Hi @DavidBuzz and @tridge,
Thanks for having a look. The plotting side of the application still needs a lot of work to be useful but the fundamentals of uploading and processing a log are pretty solid. The log processing and plot session hosting does occur server side in this application. As you suggested, server resources could become an issue if the number of users performing large amounts of analysis on big logs was high. I have attempted to minimise server CPU and RAM usage by trying to be clever with how the application works (which I will cover at the end of this post if you are interested…).

@tridge Your suggestion of a client side processing and log display + interaction is a really good idea for a lightweight, almost server-less implementation (having the server only serve the javascript, which then does all the work client side). That form of implementation does have its own set of limitations when it comes to being able to share logs and analysis, but it really comes down to what service(s) Ardupilot wants to offer its user base. Sorry for adding confusion re the GSoC objectives, that was not my intention!

I’d be interested to know if a refined version of this application would be at all useful to the Ardupilot community, and if so, I would happily take on ideas to help meet desired requirements and features. On the flip side if it is not envisioned to be of use that’s also perfectly fine, as I’m enjoying using the project to teach myself some new python web technologies :slight_smile:

Some notes on how the application works and where / how I have tried to save server memory:
Uploaded files are placed in a REDIS queue to be processed by a single celery background task. By limiting the background task to one worker, logs are processed sequentially in the order they were uploaded. e.g.: If multiple users upload multiple logs the lone processing task will only ever consume as much memory as the size of the log it is currently processing.

The heavy lifting of the processing occurs in a modified version of mavmemlog, which writes the log to disk in a directory structure. All messages of each type are stored in binary numpy arrays with named columns, while other useful bits of data (such as flight modes, params, etc…) are later stored in JSON text files.

Attacking the problem this way means each log is only ever processed once and it allows the required message types of interest (now binary numpy arrays with named columns) to be loaded very quickly from file. This significantly reduces memory requirements during the plotting operation and makes math / conditional masking easy.

Lastly, I was having issues with the bokeh plotting servers not releasing memory correctly so I wrapped the server and added a (currently very simple) memory watching load balancer which only spins up a new bokeh server when a user starts an analysis on a log. If the session times out or the user navigates away from the analysis page the bokeh server connection is closed, the process stopped and it re-enters the available server pool.


(tridge) #6

yes, I for one am definately interested, and I’m sure we can fund the server resources.

it isn’t just load, its also usability for the user. For example, when I analyse a log I commonly zoom into one critical region less than 1 second long, and I need to see every data point we have in that second (eg. 400 values). With server side processing you can’t produce graphs that detailed for the whole log, so you can only do big-picture views.
With a client-side viewer you can zoom right down to the individual data points.

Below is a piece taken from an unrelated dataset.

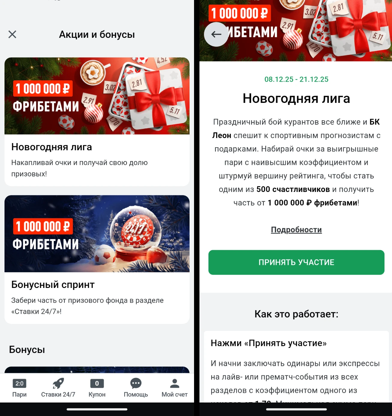 Сроки проведения акции – с 8 по 21 декабря 2025 года. Участие могут принять все зарегистрированные и идентифицированные пользователи «Леон», которые предварительно нажали кнопку «Принять участие» на промо-странице. Учитываются пари типа «одинар» или «экспресс» на события до начала (прематч) или в прямой трансляции (лайв).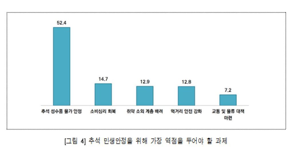 [아시아경제 금보령 기자] 서울시민들이 바라는 추석 민생안정 대책 1순위는 '추석 성수품 물가 안정'으로 나타났다.19일 서울연구원이 발표한 '2017년 3분기 서울시 소비자 체감경기와 추석경기 진단'에 따르면 추석 민생안정을 위해 성수품 물가가 안정되길 바라는 응답자는 52.4%로 가장 많았다.이어 '소비심리회복'(14.7%), '취약 소외계층 배려'(12.9%), '먹거리 안전 강화'(12.8%), '교통 및 물류 대책 마련'(7.2%) 순이었다.추석을 준비하면서 가장 부담되는 비용은 '가족 및 친·인척 용돈'이 45.2%로 1위를 차지했다. 그 다음 '추석 상차림비'(28.9%), '명절 선물비'(21.5%) 등이었다. 추석에 쓸 예상금액으로는 '20만~50만원 미만'이 41.3%로 가장 높은 비율을 차지했다.추석 상차림에 필요한 물건은 '대형마트'에서 산다는 응답이 49.9%였다. '전통시장'은 38.5%, '농협·수협·축협'은 4.2%로 조사됐다.서울시민의 체감경기는 2분기 연속 증가세가 지속됐다. '소비자태도지수'는 올해 3분기 102.3으로 전 분기 대비 0.2포인트 올랐다. 서울연구원 관계자는 "소비자태도지수가 2분기 연속 기준치 100을 상회하면서 새 정부 출범에 따른 정책 기대심리가 아직 일정 수준 유지되고 있는 것으로 판단된다"고 설명했다. 소비자태도지수의 구성요소인 '현재생활형편지수'도 전 분기 대비 1.1포인트 상승하면서 86.1을 기록했다.반면 '미래생활형편지수'는 전 분기보다 5.4포인트 하락한 98.3으로 나타났다. 향후 가계소득 감소, 물가 상승, 지출비용 증가 등의 이유로 1년 후에는 가구 생활형편이 더 안 좋아질 것으로 생각하는 가구가 늘어서다.'내구재구입태도지수'는 전 분기보다 0.5포인트 오른 91.7을 나타냈고, '주택구입태도지수'는 전 분기보다 7.3포인트 떨어진 67.5를 보였다. 서울연구원 관계자는 "'8.2 부동산 대책'에 따른 규제 강화 등으로 주택시장 전망이 불투명해지면서 현재 주택을 구입하는 것에 보수적인 사람들이 늘었다"고 말했다.금보령 기자 gold@asiae.co.kr<ⓒ세계를 보는 창 경제를 보는 눈, 아시아경제(www.asiae.co.kr) 무단전재 배포금지>

The client side JS code should be able to access any log on the server. So we’d still have a common server where users upload logs, its just that the graph rendering would be done client side.
The JS I used for my solar system is here:
I think it wouldn’t be too hard to adapt this to DF logs.
Another concern I have with server side is the potential for security vulnerabilities. We’d need to make sure all the log processing couldn’t be manipulated by a malicious user uploading a bad log to either breach or crash the server.
A server side solution is still better than having no solution at all, but longer term I’d much prefer a client side system.
Cheers, Tridge

(David Buzz) #7 currently offers most of the features we were looking for, it’s closed source, doesn’t do 3D visualisations, doesn’t have a back-end that lets ardupilot do statistical analysis later, doesn’t let users “share” their logs easily with someone else ( ie upload to a unique url for sharing etc ) , but otherwise it’s javascript in-the-browser log analysis is fast and its graphs are good.